**Task details:** Everything below from the line with "呼吸器疾患は環境を映す鏡であ" through the line with "繊細なフリルが花びらのように重なるプチフリルIラインスカート。" should be copied exactly, and nothing else; leave out the pictures.

**Data section:**
--------------------------------

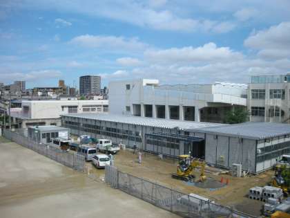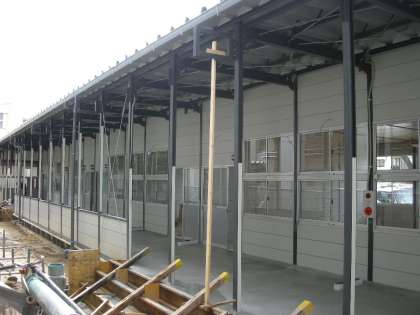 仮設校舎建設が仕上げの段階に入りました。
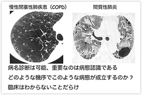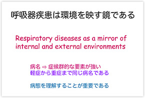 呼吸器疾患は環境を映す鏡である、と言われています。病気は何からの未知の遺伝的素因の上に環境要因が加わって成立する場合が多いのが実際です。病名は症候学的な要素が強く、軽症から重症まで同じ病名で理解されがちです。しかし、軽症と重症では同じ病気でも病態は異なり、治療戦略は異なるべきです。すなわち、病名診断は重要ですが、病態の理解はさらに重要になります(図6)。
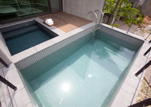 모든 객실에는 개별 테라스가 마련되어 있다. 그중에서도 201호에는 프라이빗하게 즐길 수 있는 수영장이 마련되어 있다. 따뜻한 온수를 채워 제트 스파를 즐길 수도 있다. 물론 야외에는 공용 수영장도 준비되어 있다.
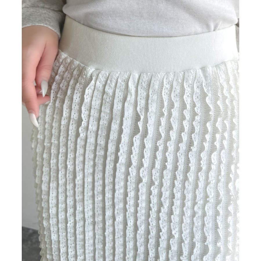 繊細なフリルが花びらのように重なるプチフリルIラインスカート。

--------------------------------

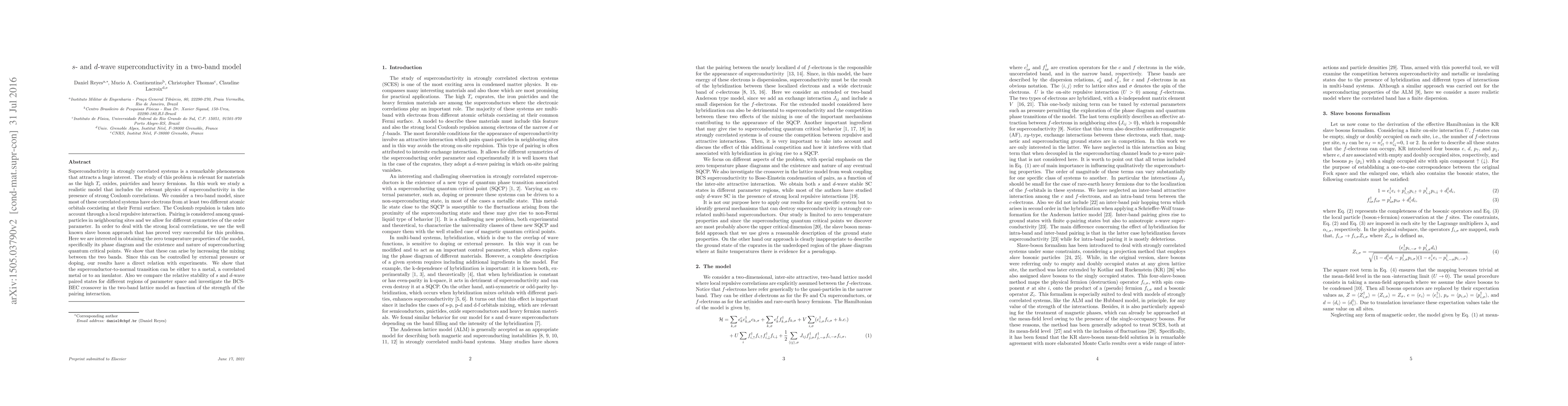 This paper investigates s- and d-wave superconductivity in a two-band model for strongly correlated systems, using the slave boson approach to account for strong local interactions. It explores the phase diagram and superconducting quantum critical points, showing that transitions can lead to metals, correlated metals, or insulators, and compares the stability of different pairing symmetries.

--------------------------------

**Expected answer:**
 呼吸器疾患は環境を映す鏡である、と言われています。病気は何からの未知の遺伝的素因の上に環境要因が加わって成立する場合が多いのが実際です。病名は症候学的な要素が強く、軽症から重症まで同じ病名で理解されがちです。しかし、軽症と重症では同じ病気でも病態は異なり、治療戦略は異なるべきです。すなわち、病名診断は重要ですが、病態の理解はさらに重要になります(図6)。
 모든 객실에는 개별 테라스가 마련되어 있다. 그중에서도 201호에는 프라이빗하게 즐길 수 있는 수영장이 마련되어 있다. 따뜻한 온수를 채워 제트 스파를 즐길 수도 있다. 물론 야외에는 공용 수영장도 준비되어 있다.
 繊細なフリルが花びらのように重なるプチフリルIラインスカート。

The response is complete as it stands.